# VapeCon 2017 Surprises from Orion... (UPDATED)



## Michael (7/8/17)

*Attention everyone!*

Coming to _*VapeCon 2017*_?

Then we have some surprises for you!

Be sure to come visit us at our stand to see the new and exciting things we will be bringing you!

For now we will leave you with a little teaser...

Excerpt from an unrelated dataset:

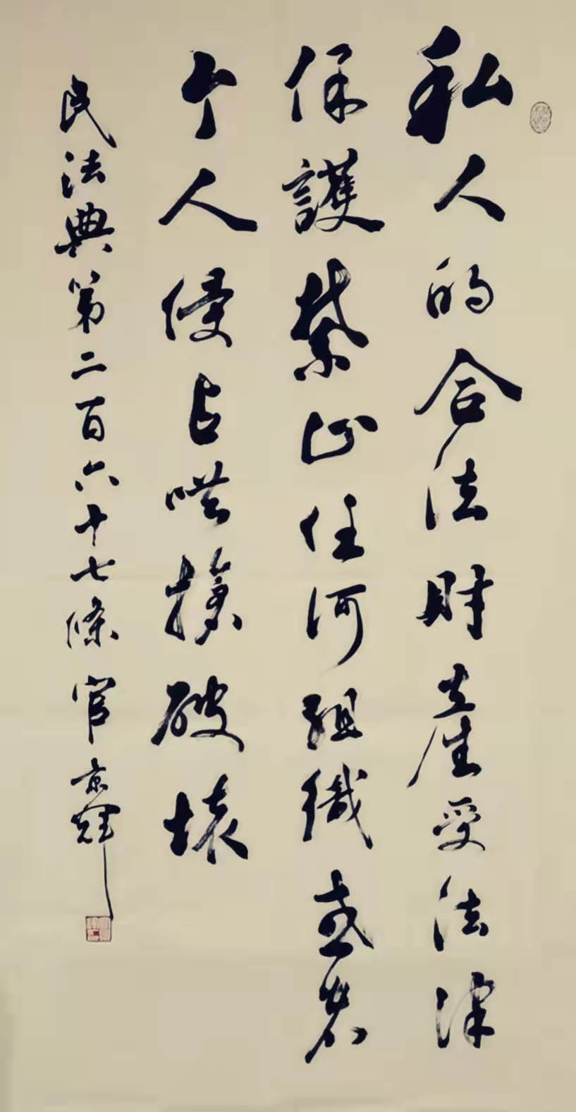 民法典第二百六十七條 私人的合法財產(chǎn)受法律保護,禁止任何組織或者個人侵占、哄搶、破壞。
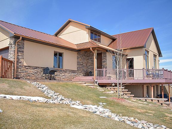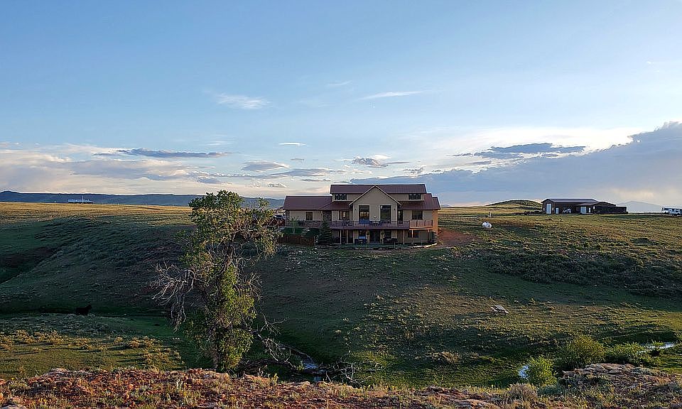 Quality craftsmanship at its best in this rare find on the outskirts of Laramie, WY within the Harney Creek Ranch. This beautiful custom-built home on 35 acres has a creek flowing thru the property into its own pond! ICF Foam Block Construction, offering superior insulation. Built with copper colored steel roof and all stucco exterior with fenced in yard. Shimmering stained concert floors, granite countertops in spacious kitchen with high end appliances and large pantry. Fabulous views from 2 decks, this majestic 3 story home also has a Greenhouse, 1050 sq ft shop and 2400 sq ft barn with lean to. Three car attached garage. The 35 acres is fenced and ready for horses. This home greets you with floor-to-ceiling stone fireplace in the living room framed by large windows which focus is on the beautiful Buttes. The lower level of the home will afford you entertaining at its best! Complete with bar area, two bedrooms and a full bath! A wonderful walk out deck to enjoy spectacular views and horseshoe pit. The upstairs has 2 guest rooms with loft barnwood finished window seating. The finishes and amenities in this custom home are stunning with views to match. Scroll slowly through the photo gallery! All measurements are approximate.

Something *special* and *limited*...




Stay tuned for *more*!​

Reactions: Winner 4 | Thanks 1


----------



## Silver (7/8/17)

ooh, this looks great
Thanks for the tease @Michael 

I wonder what it could be?

Something limited....
Limited edition menthol guava tobacco perhaps?

Reactions: Funny 1


----------



## Michael (8/8/17)

*Wait a second, here is more!*


Introducing *MR O!*


*

*

An Orange sweety vape that has a delicious citrus tone to it that leaves your taste buds quenching every time you take a toot! Yummy!

But wait there is more...


Introducing *SPARKLE!*





A Blackcurrant sweet for all the fruity vapers that will leave u begging for lots and lots *more*!​

Reactions: Like 3 | Winner 1


----------



## Michael (24/8/17)

Wait a second! Look what is coming to *VapeCon 2017*!


​

Be Sure to Come and grab a bottle at our stand for R180 a 30ml! 
*While Stocks last!*​

Reactions: Winner 1


----------



## Sir Vape (24/8/17)

Need some Mr O


----------



## ASCIIcat (24/8/17)

Michael said:


> Wait a second! Look what is coming to *VapeCon 2017*!
> 
> View attachment 105363
> ​
> ...



Fantastic! Here I was hoping to pick up a bottle and now I know I will have to!

Reactions: Like 1


----------